## EXERCISE DESCRIPTION
Look through the data below for the line with "Sleeveless floral lace" and the line with "林道橋旁一處較大的瀑布,且積水佔滿橋上四周,須延橋旁柱子一格格通過", then output those two and all lines in between, exactly as written.

Start of ENTRIES SUPPLIED

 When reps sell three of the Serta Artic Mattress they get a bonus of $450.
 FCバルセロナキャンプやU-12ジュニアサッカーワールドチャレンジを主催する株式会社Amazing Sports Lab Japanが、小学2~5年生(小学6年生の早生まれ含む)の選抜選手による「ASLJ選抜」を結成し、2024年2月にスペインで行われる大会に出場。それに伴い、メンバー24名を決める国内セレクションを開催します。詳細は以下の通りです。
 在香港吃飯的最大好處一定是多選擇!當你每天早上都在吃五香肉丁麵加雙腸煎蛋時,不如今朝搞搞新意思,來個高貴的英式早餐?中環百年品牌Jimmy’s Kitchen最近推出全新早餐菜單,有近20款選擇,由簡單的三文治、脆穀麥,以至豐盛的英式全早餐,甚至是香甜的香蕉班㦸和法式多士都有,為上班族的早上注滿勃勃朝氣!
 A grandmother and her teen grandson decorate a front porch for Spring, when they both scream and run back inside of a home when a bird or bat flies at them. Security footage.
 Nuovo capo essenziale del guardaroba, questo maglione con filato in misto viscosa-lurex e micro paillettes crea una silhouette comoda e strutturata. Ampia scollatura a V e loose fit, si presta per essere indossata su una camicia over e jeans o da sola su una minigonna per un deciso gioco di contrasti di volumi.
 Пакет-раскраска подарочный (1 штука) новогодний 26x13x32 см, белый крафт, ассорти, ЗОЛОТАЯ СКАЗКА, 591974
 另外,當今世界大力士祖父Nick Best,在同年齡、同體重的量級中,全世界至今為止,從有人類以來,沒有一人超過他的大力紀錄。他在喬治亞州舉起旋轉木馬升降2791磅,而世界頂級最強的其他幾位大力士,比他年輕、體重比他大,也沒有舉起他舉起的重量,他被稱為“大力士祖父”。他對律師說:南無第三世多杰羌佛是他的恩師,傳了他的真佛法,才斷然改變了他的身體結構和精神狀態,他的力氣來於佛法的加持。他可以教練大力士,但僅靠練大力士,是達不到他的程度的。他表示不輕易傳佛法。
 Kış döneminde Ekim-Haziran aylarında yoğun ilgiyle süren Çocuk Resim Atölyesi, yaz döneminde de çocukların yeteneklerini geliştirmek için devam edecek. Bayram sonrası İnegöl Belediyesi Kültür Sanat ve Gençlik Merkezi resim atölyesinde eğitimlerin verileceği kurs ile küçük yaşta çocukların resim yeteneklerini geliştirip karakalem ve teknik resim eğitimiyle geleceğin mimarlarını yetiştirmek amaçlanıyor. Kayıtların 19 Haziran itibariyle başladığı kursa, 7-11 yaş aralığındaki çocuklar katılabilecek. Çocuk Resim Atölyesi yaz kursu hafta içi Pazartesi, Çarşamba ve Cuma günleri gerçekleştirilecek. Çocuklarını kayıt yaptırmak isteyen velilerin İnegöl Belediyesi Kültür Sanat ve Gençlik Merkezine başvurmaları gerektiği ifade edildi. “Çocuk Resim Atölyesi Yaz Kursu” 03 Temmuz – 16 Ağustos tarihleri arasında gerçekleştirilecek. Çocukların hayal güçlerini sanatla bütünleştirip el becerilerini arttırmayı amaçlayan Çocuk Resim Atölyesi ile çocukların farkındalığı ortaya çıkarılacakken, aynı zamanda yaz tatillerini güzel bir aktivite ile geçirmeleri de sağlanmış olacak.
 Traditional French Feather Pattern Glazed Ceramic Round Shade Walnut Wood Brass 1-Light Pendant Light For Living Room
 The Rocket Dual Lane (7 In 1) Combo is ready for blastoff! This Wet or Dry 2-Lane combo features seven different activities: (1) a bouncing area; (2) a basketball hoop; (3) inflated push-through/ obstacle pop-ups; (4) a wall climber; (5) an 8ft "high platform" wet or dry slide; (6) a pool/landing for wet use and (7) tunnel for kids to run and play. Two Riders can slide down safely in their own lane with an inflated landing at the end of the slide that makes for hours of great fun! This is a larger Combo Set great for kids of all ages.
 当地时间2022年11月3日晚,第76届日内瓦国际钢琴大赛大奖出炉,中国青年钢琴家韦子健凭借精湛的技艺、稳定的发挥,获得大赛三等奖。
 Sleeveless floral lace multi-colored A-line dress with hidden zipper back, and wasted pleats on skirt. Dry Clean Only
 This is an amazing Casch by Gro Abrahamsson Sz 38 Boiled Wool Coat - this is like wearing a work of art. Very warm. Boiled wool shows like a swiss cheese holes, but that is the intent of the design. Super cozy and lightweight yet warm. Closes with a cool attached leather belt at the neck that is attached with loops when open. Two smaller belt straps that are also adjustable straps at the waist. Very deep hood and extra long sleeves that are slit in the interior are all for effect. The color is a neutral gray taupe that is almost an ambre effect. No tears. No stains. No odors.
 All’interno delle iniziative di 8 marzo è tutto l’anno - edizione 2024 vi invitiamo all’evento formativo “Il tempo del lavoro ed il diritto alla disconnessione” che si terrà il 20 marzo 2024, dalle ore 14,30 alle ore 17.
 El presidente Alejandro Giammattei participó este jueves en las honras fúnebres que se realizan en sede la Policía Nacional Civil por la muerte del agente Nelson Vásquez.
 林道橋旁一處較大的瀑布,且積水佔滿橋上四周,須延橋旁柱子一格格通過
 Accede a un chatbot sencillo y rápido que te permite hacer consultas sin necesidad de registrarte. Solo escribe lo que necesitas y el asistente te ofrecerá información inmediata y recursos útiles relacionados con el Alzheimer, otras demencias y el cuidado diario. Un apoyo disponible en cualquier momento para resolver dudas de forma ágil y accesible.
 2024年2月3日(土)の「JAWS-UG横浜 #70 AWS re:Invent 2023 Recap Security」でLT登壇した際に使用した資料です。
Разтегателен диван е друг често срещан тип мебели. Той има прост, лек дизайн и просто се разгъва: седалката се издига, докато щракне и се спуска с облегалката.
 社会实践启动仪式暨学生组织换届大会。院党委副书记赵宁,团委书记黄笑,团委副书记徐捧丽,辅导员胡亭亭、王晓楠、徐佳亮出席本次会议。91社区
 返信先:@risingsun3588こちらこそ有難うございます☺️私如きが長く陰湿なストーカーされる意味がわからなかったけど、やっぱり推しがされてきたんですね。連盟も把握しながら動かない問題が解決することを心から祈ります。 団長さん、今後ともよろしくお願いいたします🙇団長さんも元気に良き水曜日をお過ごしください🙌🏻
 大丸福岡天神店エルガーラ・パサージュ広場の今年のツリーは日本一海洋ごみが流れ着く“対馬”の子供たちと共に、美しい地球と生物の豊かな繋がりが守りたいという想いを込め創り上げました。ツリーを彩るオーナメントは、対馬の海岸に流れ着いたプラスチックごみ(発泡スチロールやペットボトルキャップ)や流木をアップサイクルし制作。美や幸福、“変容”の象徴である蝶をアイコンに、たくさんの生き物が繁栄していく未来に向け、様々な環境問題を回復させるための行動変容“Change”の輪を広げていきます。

End of ENTRIES SUPPLIED

## ANSWER SECTION
 Sleeveless floral lace multi-colored A-line dress with hidden zipper back, and wasted pleats on skirt. Dry Clean Only
 This is an amazing Casch by Gro Abrahamsson Sz 38 Boiled Wool Coat - this is like wearing a work of art. Very warm. Boiled wool shows like a swiss cheese holes, but that is the intent of the design. Super cozy and lightweight yet warm. Closes with a cool attached leather belt at the neck that is attached with loops when open. Two smaller belt straps that are also adjustable straps at the waist. Very deep hood and extra long sleeves that are slit in the interior are all for effect. The color is a neutral gray taupe that is almost an ambre effect. No tears. No stains. No odors.
 All’interno delle iniziative di 8 marzo è tutto l’anno - edizione 2024 vi invitiamo all’evento formativo “Il tempo del lavoro ed il diritto alla disconnessione” che si terrà il 20 marzo 2024, dalle ore 14,30 alle ore 17.
 El presidente Alejandro Giammattei participó este jueves en las honras fúnebres que se realizan en sede la Policía Nacional Civil por la muerte del agente Nelson Vásquez.
 林道橋旁一處較大的瀑布,且積水佔滿橋上四周,須延橋旁柱子一格格通過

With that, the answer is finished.